Data entries
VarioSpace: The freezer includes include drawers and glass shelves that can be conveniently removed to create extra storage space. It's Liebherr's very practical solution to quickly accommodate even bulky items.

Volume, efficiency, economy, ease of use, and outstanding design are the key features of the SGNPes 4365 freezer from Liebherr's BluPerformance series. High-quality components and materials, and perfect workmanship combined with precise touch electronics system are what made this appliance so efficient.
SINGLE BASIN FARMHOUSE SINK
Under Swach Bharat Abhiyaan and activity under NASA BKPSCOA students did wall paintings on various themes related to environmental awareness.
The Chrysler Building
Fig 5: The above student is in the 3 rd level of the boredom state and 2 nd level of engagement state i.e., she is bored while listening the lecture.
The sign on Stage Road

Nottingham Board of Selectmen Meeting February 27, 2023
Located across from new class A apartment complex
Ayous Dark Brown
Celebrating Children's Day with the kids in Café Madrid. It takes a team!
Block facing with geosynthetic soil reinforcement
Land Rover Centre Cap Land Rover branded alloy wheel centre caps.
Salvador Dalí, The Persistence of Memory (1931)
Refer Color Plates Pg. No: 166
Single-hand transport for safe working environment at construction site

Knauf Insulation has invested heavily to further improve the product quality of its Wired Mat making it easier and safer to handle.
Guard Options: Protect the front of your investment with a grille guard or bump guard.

## What is required
Line by line, retype all of the entries.

## Task response
VarioSpace: The freezer includes include drawers and glass shelves that can be conveniently removed to create extra storage space. It's Liebherr's very practical solution to quickly accommodate even bulky items.

Volume, efficiency, economy, ease of use, and outstanding design are the key features of the SGNPes 4365 freezer from Liebherr's BluPerformance series. High-quality components and materials, and perfect workmanship combined with precise touch electronics system are what made this appliance so efficient.
SINGLE BASIN FARMHOUSE SINK
Under Swach Bharat Abhiyaan and activity under NASA BKPSCOA students did wall paintings on various themes related to environmental awareness.
The Chrysler Building
Fig 5: The above student is in the 3 rd level of the boredom state and 2 nd level of engagement state i.e., she is bored while listening the lecture.
The sign on Stage Road

Nottingham Board of Selectmen Meeting February 27, 2023
Located across from new class A apartment complex
Ayous Dark Brown
Celebrating Children's Day with the kids in Café Madrid. It takes a team!
Block facing with geosynthetic soil reinforcement
Land Rover Centre Cap Land Rover branded alloy wheel centre caps.
Salvador Dalí, The Persistence of Memory (1931)
Refer Color Plates Pg. No: 166
Single-hand transport for safe working environment at construction site

Knauf Insulation has invested heavily to further improve the product quality of its Wired Mat making it easier and safer to handle.
Guard Options: Protect the front of your investment with a grille guard or bump guard.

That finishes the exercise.